Renderers API Reference
This page documents the renderers used in BOOMER to format and display solutions.
Renderer Interface
class Renderer(ABC):
"""Abstract base class for renderers."""
@abstractmethod
def render(self, solution: Solution) -> str:
"""
Render a solution as a string.
Args:
solution: The solution to render
Returns:
A string representation of the solution
"""
pass
MarkdownRenderer
class MarkdownRenderer(Renderer):
"""
Renderer that formats solutions as Markdown.
This renderer is useful for displaying solutions in a human-readable
format that can be displayed in Markdown viewers or converted to
other formats.
"""
def render(self, solution: Solution) -> str:
"""
Render a solution as Markdown.
Args:
solution: The solution to render
Returns:
A Markdown string representation of the solution
"""
Usage Example
from boomer.model import KB, PFact, EquivalentTo
from boomer.search import solve
from boomer.renderers.markdown_renderer import MarkdownRenderer
# Create a knowledge base
kb = KB(
pfacts=[
PFact(fact=EquivalentTo(sub="A", equivalent="B"), prob=0.9),
PFact(fact=EquivalentTo(sub="B", equivalent="C"), prob=0.8),
]
)
# Solve the knowledge base
solution = solve(kb)
# Create a renderer
renderer = MarkdownRenderer()
# Render the solution
markdown_output = renderer.render(solution)
print(markdown_output)
Creating Custom Renderers
To create a custom renderer, implement the Renderer interface:
from boomer.renderers.renderer import Renderer
from boomer.model import Solution
class JSONRenderer(Renderer):
"""Renderer that formats solutions as JSON."""

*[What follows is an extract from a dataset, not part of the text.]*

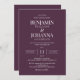 Klassisk inbjudan och inbjudan till elegant bröllop med en bordeau eller vin färg och vitt brev. Utformning med endast text och traditionell ordalydelse. Pappra alternativ för digital utskrift eller fysisk utskrift. Anpassa den till namnen av Mr. och Mrs., plats, register, OSA information och alla detaljer som du behöver ta med. Matchande svitprodukter finns.

def render(self, solution: Solution) -> str:
"""
Render a solution as JSON.
Args:
solution: The solution to render
Returns:
A JSON string representation of the solution
"""
import json
# Convert solution to a dictionary
result = {
"confidence": solution.confidence,
"prior_probability": solution.prior_prob,
"posterior_probability": solution.posterior_prob,
"combinations_explored": solution.number_of_combinations,
"satisfiable_combinations": solution.number_of_satisfiable_combinations,
"time_elapsed": solution.time_elapsed,
"facts": []
}
# Add facts to the result
for spf in solution.solved_pfacts:
if spf.truth_value:
result["facts"].append({
"fact": str(spf.pfact.fact),
"prior": spf.pfact.prob,
"posterior": spf.posterior_prob
})
# Return as formatted JSON
return json.dumps(result, indent=2)
This example shows how to create a custom renderer that outputs JSON. You can create renderers for any format you need, such as HTML, CSV, or specialized formats for integration with other tools.